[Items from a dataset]
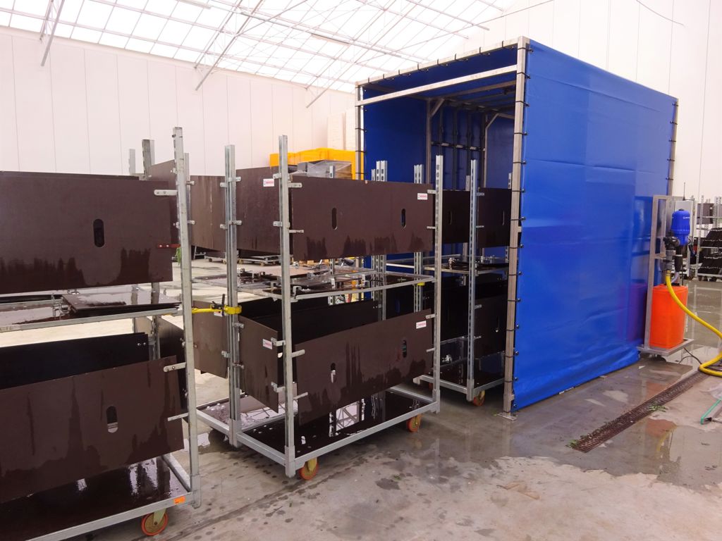Het frame is opgebouwd uit RVS316, wat bestand is tegen ontsmettingsmiddelen. Het frame is aan de binnenzijde voorzien van kunststof geleiders, waardoor de stapelkarren zonder schade door de ontsmetter worden geleid. Het frame wordt voorzien van een PVC zeil in de gewenst kleur, of transparant. De karrenontsmetter is eenvoudig te verplaatsen middels een heftruck.
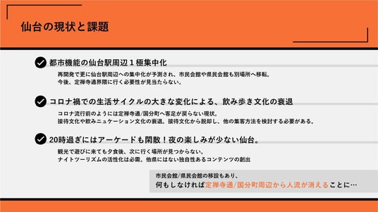 加えて平日夜は、東北一の歓楽街である「国分町」、約1.5kmの長さを誇るアーケードの閑散ぶりは目を覆いたくなる寂しさだ。このような現状を放置すれば、定禅寺通はじめ国分町への人流は消える恐れがある。
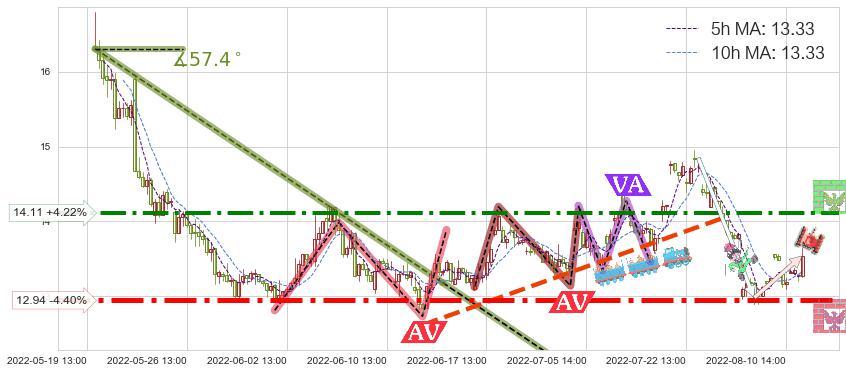 ♘ 阻力价格位14.11,可信任强度82.80%,距离最后交易2022-08-12 14:00形成的收盘价格13.54相差 +4.22%
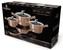 - doménou této sady je 3vrstvý povrch s mramorovým designem charakteristický svou dokonalou nepřilnavostí, žádné potraviny se nepřipalují a díky tomu se kastroly i pánve velice snadno čistí
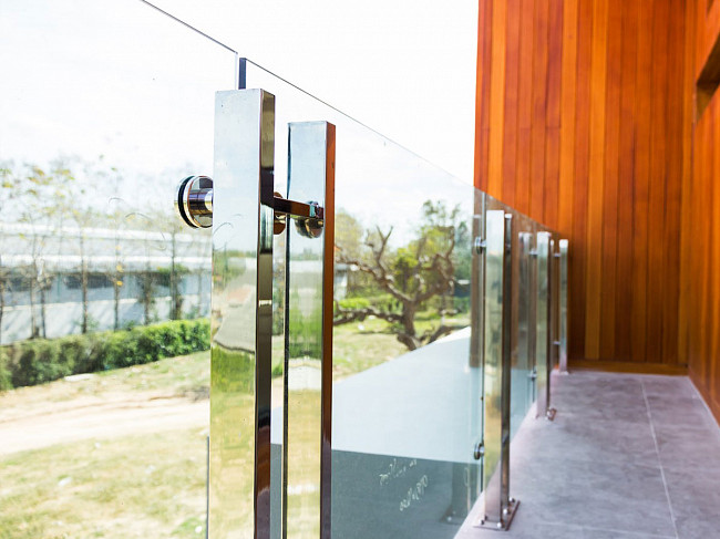 Сегодня при изготовлении ограждений успешно используется стекло, и этому есть несколько причин: визуальное увеличение пространства, безопасность, современный эффектный вид.
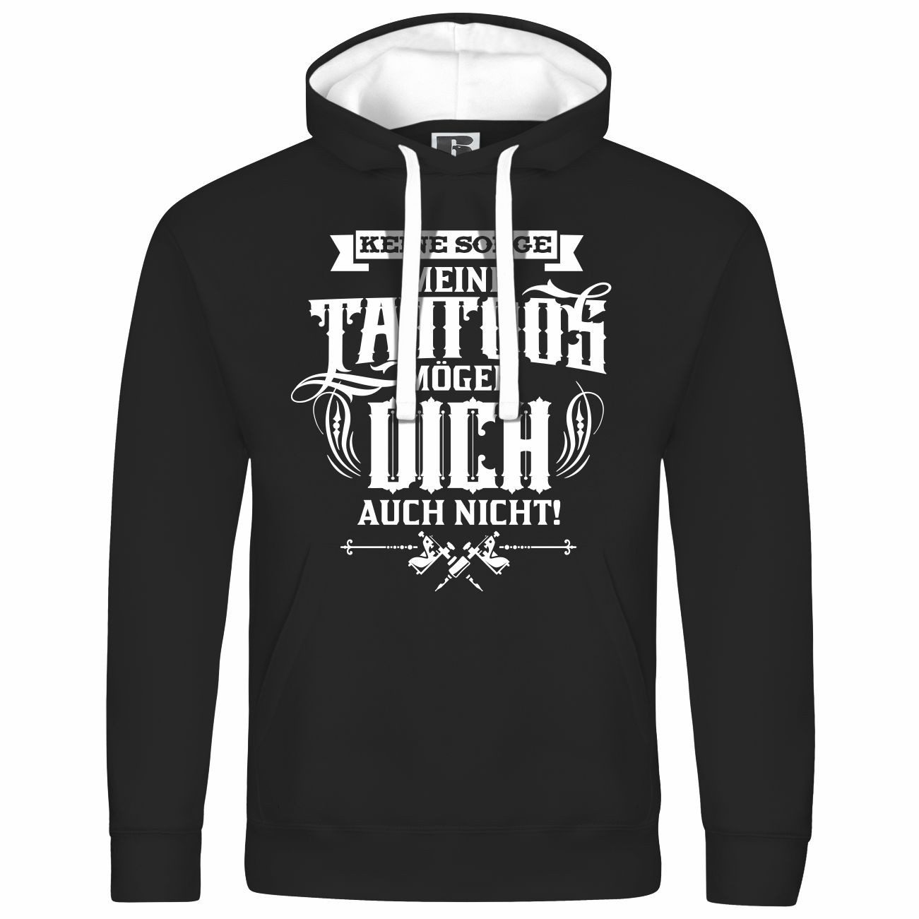 Der Kapuzenpullover zeigt das Statement „Keine Sorge, meine Tattoos mögen dich auch nicht!“ in auffälliger Schrift mit Tattoo-Elementen und zwei tätowierten Maschinen. Perfekt für Tattoo-
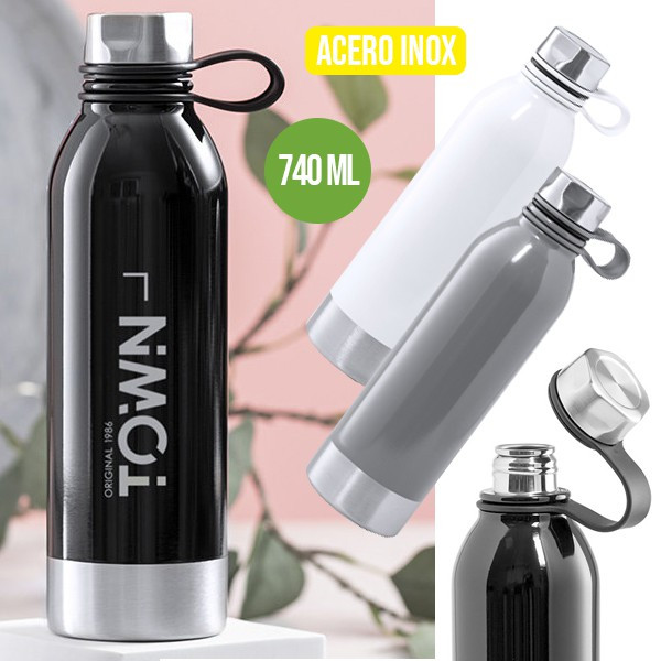 Botella- Envase de 740ml bicolor en acero inox brillante.

- **Problem to solve**
The data shown above must be printed again exactly, with no images included.

- **Answer section**
Het frame is opgebouwd uit RVS316, wat bestand is tegen ontsmettingsmiddelen. Het frame is aan de binnenzijde voorzien van kunststof geleiders, waardoor de stapelkarren zonder schade door de ontsmetter worden geleid. Het frame wordt voorzien van een PVC zeil in de gewenst kleur, of transparant. De karrenontsmetter is eenvoudig te verplaatsen middels een heftruck.
 加えて平日夜は、東北一の歓楽街である「国分町」、約1.5kmの長さを誇るアーケードの閑散ぶりは目を覆いたくなる寂しさだ。このような現状を放置すれば、定禅寺通はじめ国分町への人流は消える恐れがある。
 ♘ 阻力价格位14.11,可信任强度82.80%,距离最后交易2022-08-12 14:00形成的收盘价格13.54相差 +4.22%
 - doménou této sady je 3vrstvý povrch s mramorovým designem charakteristický svou dokonalou nepřilnavostí, žádné potraviny se nepřipalují a díky tomu se kastroly i pánve velice snadno čistí
 Сегодня при изготовлении ограждений успешно используется стекло, и этому есть несколько причин: визуальное увеличение пространства, безопасность, современный эффектный вид.
 Der Kapuzenpullover zeigt das Statement „Keine Sorge, meine Tattoos mögen dich auch nicht!“ in auffälliger Schrift mit Tattoo-Elementen und zwei tätowierten Maschinen. Perfekt für Tattoo-
 Botella- Envase de 740ml bicolor en acero inox brillante.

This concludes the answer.